RE: Removing accents and diacritics from a word from Tex via Unicode on 2019-07-17 (Unicode Mail List Archive)

From: Tex via Unicode <unicode_at_unicode.org>
Date: Wed, 17 Jul 2019 11:37:38 -0700

Asmus, are you including the case where an accented character maps to two unaccented characters?

e.g. Å to AA or Ä to AE

From: Unicode [mailto:unicode-bounces_at_unicode.org] On Behalf Of Asmus Freytag (c) via Unicode
Sent: Wednesday, July 17, 2019 11:07 AM
To: Norbert Lindenberg
Cc: Unicode Mailing List
Subject: Re: Removing accents and diacritics from a word

On 7/17/2019 11:02 AM, Norbert Lindenberg wrote:

“Misspelling”?

Not helpful.
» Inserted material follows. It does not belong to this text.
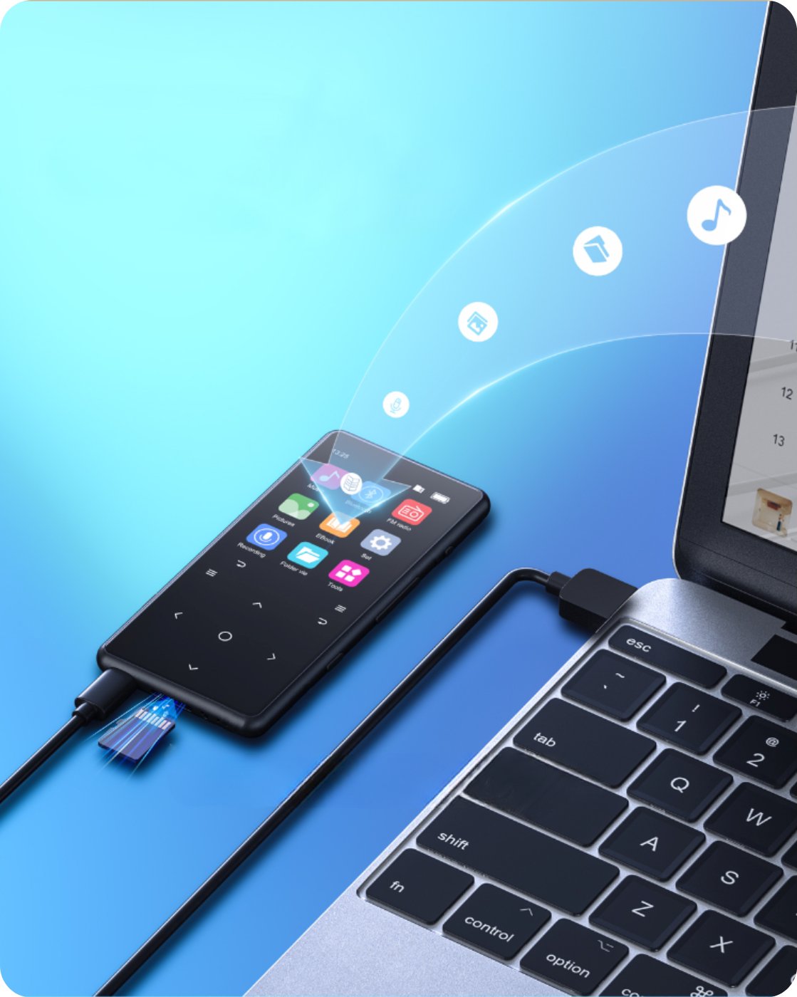 Dzięki wbudowanej funkcji Bluetooth 5.2, odtwarzacz muzyki MP3 oferuje bezprzewodową swobodę, pozwalając na łatwe parowanie z ulubionymi słuchawkami lub głośnikami. Ciesz się swoją muzyką bez ograniczeń kabli, z zachowaniem wysokiej jakości dźwięku i stabilności połączenia.

Anybody have a serious suggestion?

A./

On Jul 17, 2019, at 10:37, Asmus Freytag via Unicode <mailto:unicode_at_unicode.org> <unicode_at_unicode.org> wrote:

A question has come up in another context:

Is there any linguistic term for describing the process of removing accents and diacritics from a word to create its “base form”, e.g. São Tomé to Sao Tome?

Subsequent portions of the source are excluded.